What are your thoughts about women like Beyonce and Rihanna and their impact on pop culture?
I think that Beyonce has had a great impact on pop culture. I like her. She’s a tremendous performer. I also think that we’ve always had sisters who danced in a sexual way⎯always. Going back further in the culture, we have always used our complete body. We have not been afraid to use our pelvic girdle because that’s part of our culture, that’s part of our life. But it was done in such a way that it had other elements in it. But now I am a little weary of us just being represented as sexual figures. Beyonce has made a lot of money and so has her man.The had a show they produced, Fela, which was an extraordinary show in the depths of its cultural input and expression but that’s not enough. Image is worth a thousand words. Beyonce carries herself well but all around you see the ass and the thighs and the sexuality and that has its place but right now it is too prominent in our lives. It is really hurting us very badly. I think she’s a smart woman but we’re at a time where that part of us is overemphasized rather than our charm, our grace, our spirituality and our sensitivity.
How about Rihanna?
I don’t like Rihanna. I don’t like what she does. To me the sounds are not human sounds. The messages are not really inspirational. When I say inspirational, I say things that help you really stay alive and help you understand the world that’s around you.

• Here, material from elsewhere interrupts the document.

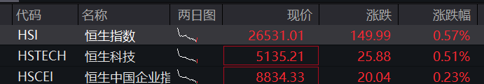 港股:截至发稿,恒指涨0.57%,恒科指涨0.51%。
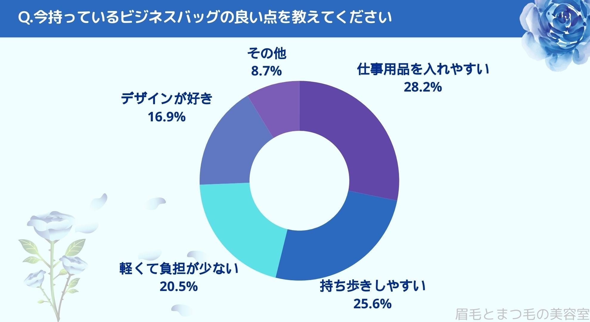 今持っているビジネスバッグの良い点をお尋ねしたところ「仕事用品を入れやすい(28.2%)」、「持ち歩きしやすい(25.6%)」、「軽くて負担が少ない(20.5%)」、「デザインが好き(16.9%)」、「その他(8.7%)」という結果になりました。

On that note, what do you think the future is of black music?
The spiritual part of it has shaped up. When we were brought over here, we were not allowed to bring instruments. We were stripped of all clothing, jewelry and culture. And with nothing, we created the greatest music this world has known. Our music, our spirituals, helped to liberate, helped to free us. Not only did we use it to encourage each other, to soothe the pain, to heal the wounds, but it was taken by others who imitated it until we were free, after the civil war. That’s when most any of us were allowed to go on the stage for the first time. In the church, some of our spiritual power survived and was evident there. There are those who were raised singing. In sound, in pitch, in rhythm, if you hear certain sounds, they resonate in the body. Some of them will bring you peace, some of them will disturb you, so you have to choose. The antiquity of our people allows them to develop over those centuries, wisdom relating to the kind of music they play. We kept that, all during slavery. We kept that in the blues and the blues used to be story telling. It used to be what hip-hop started out doing. Today it’s ‘what are the police doing to us. Then it was, what was the KKK and what were the police doing to us. So, the message was there in the 60s. And the sounds were there. The sounds have been almost eliminated now. The music is mostly techno. And a lot of our young people did not come through the church. They did not get the sound of the music, so they’re left out there trying to find something of their own. So my belief, though, is that that ancient spirit that came with us from the motherland is never going to leave us. And we are then going to create music that supports our community. Not just the young people, not just the old people, but our whole community. That will happen. But it’s not going to happen on its own. We have to really begin to support artists who do positive work, who use pitch and sound and rhymes that are nourishing to our hearts, to our body, to our minds. And that’s what music does. It’s spirit sound, spirit words, spirit pictures. I’m on my last leg, I’ve been out here for quite a while and my poor knees are about to give out. But my spirit is not going to give out. As long as I’m here, I’m going to try to share with our people, and in particular, our young people, the power and the beauty of our culture.